Records for this task:
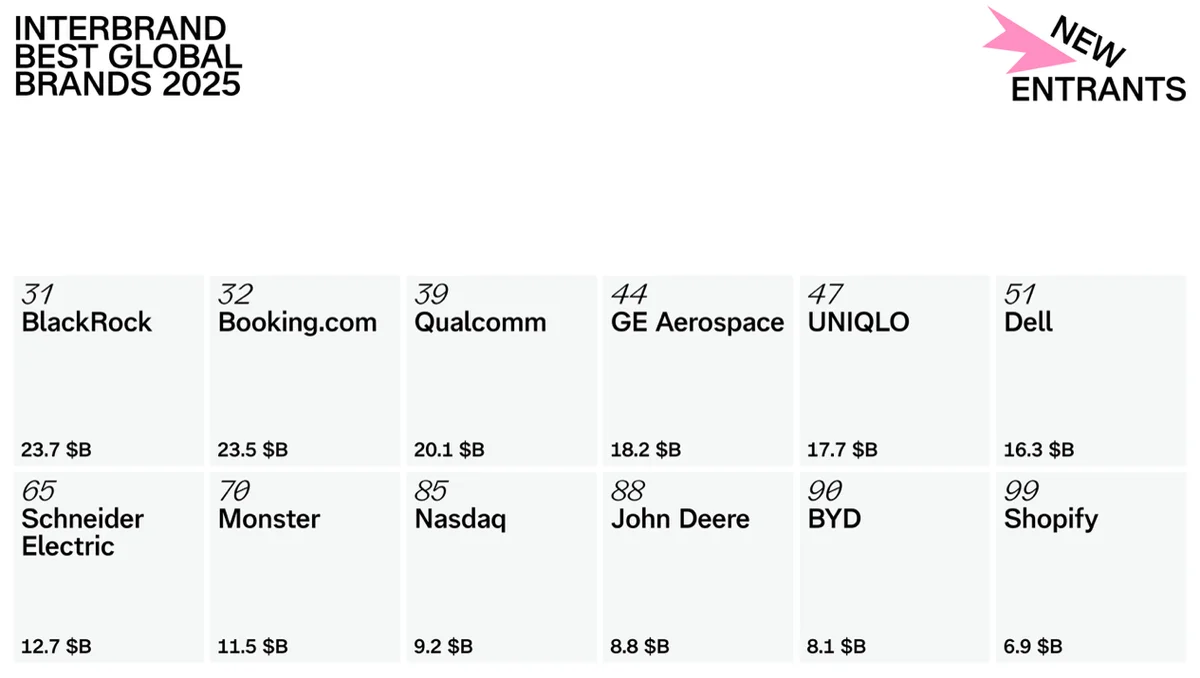| 新規ランクイン(主なもの) | BlackRock(31)、Booking.com(32)、Qualcomm(39)、GE Aerospace(44)、UNIQLO(47)、Schneider Electric(65)、Monster(70)、Nasdaq(85)、BYD(90)、Shopify(99) |
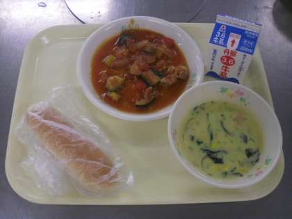 ・チキンラタトゥイユ ・とうにゅうのコーンスープ
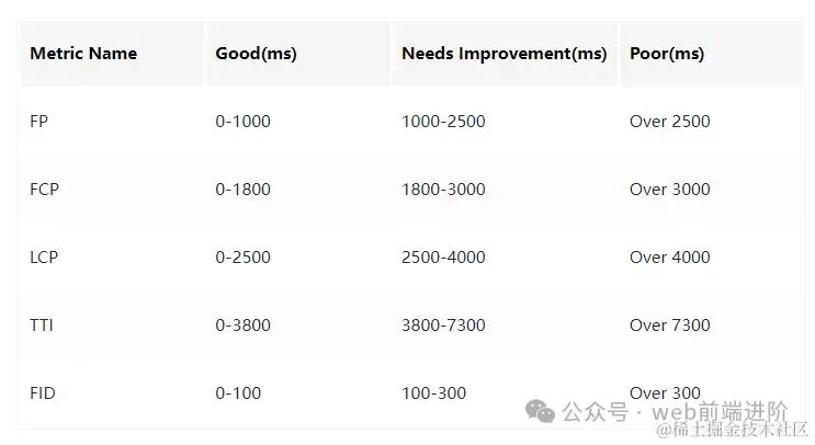 前文提到过,可能部分同学的公司会对性能指标有很详细的要求,要让面试官感受到你完整的性能优化流程,还需要提一提你们的标准(不用全提)。这里由于项目场景、复杂度、技术栈等不同,肯定指标也不能一概而论。在此我给出一个性能表供大家参考,基本和谷歌对其:
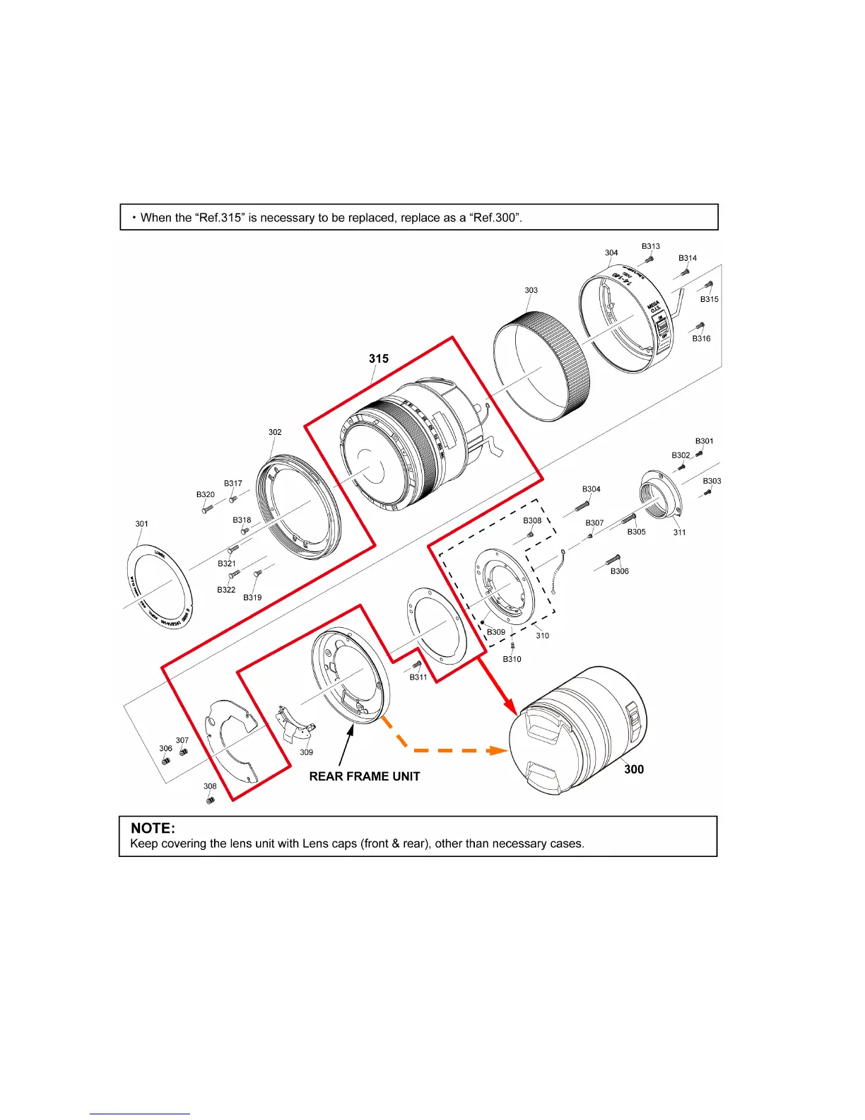 1. LENS MAIN BLOCK UNIT (Ref. 315) is not supplied due to difficulty of the transportation issue (Fragile, Dust-free packing),
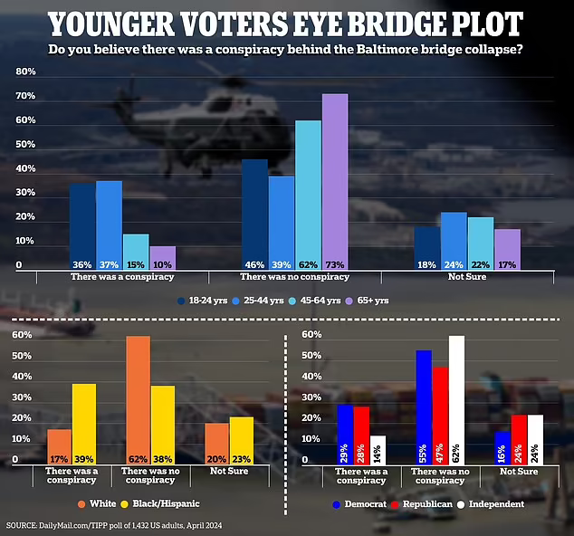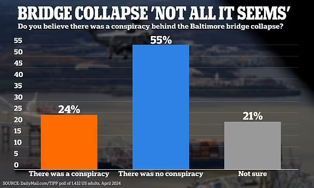 Nearly a quarter of US adults say the Baltimore bridge collapse was not an accident and attribute it to a conspiracy theory, our first-of-its-kind DailyMail.com/TIPP poll shows.

Work required: Your task is to return the entries above exactly, with no pictures.

Answer below:
| 新規ランクイン(主なもの) | BlackRock(31)、Booking.com(32)、Qualcomm(39)、GE Aerospace(44)、UNIQLO(47)、Schneider Electric(65)、Monster(70)、Nasdaq(85)、BYD(90)、Shopify(99) |
 ・チキンラタトゥイユ ・とうにゅうのコーンスープ
 前文提到过,可能部分同学的公司会对性能指标有很详细的要求,要让面试官感受到你完整的性能优化流程,还需要提一提你们的标准(不用全提)。这里由于项目场景、复杂度、技术栈等不同,肯定指标也不能一概而论。在此我给出一个性能表供大家参考,基本和谷歌对其:
 1. LENS MAIN BLOCK UNIT (Ref. 315) is not supplied due to difficulty of the transportation issue (Fragile, Dust-free packing),
 Nearly a quarter of US adults say the Baltimore bridge collapse was not an accident and attribute it to a conspiracy theory, our first-of-its-kind DailyMail.com/TIPP poll shows.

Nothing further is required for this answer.